Data records: Begin

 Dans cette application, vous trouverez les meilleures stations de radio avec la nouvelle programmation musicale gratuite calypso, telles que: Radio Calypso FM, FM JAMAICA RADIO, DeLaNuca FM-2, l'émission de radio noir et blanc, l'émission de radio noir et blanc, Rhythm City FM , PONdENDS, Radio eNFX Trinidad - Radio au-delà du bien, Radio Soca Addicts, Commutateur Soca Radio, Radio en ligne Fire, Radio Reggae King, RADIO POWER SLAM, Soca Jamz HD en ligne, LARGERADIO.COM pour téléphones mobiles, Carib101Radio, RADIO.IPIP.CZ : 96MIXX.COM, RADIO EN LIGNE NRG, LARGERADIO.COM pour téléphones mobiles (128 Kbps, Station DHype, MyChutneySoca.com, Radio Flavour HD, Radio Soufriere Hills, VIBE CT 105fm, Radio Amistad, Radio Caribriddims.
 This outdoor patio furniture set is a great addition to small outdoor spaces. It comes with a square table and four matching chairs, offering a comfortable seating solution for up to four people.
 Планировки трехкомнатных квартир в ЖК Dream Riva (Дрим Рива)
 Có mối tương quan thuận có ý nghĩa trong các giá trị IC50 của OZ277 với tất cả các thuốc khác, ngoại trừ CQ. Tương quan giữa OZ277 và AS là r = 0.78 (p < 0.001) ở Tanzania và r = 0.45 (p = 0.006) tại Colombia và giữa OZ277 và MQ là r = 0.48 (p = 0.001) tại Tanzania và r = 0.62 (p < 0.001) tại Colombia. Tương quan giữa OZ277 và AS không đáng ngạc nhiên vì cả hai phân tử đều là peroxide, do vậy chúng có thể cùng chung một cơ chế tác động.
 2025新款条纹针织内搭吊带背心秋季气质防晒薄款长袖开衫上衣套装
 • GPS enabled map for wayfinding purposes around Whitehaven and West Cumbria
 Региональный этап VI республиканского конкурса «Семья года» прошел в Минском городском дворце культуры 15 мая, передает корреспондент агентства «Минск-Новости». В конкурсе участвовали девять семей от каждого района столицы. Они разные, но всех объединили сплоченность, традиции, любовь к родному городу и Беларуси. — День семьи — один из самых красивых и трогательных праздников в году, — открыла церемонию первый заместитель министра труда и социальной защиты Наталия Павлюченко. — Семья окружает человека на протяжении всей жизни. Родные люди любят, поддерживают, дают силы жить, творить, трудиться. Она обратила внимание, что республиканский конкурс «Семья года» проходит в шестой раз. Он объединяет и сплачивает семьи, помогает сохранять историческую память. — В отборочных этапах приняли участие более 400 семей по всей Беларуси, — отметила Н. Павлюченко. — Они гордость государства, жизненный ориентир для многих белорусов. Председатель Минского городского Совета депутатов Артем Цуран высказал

Data records: End

--- Work order ---
Make an exact copy of each line, beginning at the one containing "and West Cumbria" and ending with the last line of the data, and of no other line.

--- Result ---
 • GPS enabled map for wayfinding purposes around Whitehaven and West Cumbria
 Региональный этап VI республиканского конкурса «Семья года» прошел в Минском городском дворце культуры 15 мая, передает корреспондент агентства «Минск-Новости». В конкурсе участвовали девять семей от каждого района столицы. Они разные, но всех объединили сплоченность, традиции, любовь к родному городу и Беларуси. — День семьи — один из самых красивых и трогательных праздников в году, — открыла церемонию первый заместитель министра труда и социальной защиты Наталия Павлюченко. — Семья окружает человека на протяжении всей жизни. Родные люди любят, поддерживают, дают силы жить, творить, трудиться. Она обратила внимание, что республиканский конкурс «Семья года» проходит в шестой раз. Он объединяет и сплачивает семьи, помогает сохранять историческую память. — В отборочных этапах приняли участие более 400 семей по всей Беларуси, — отметила Н. Павлюченко. — Они гордость государства, жизненный ориентир для многих белорусов. Председатель Минского городского Совета депутатов Артем Цуран высказал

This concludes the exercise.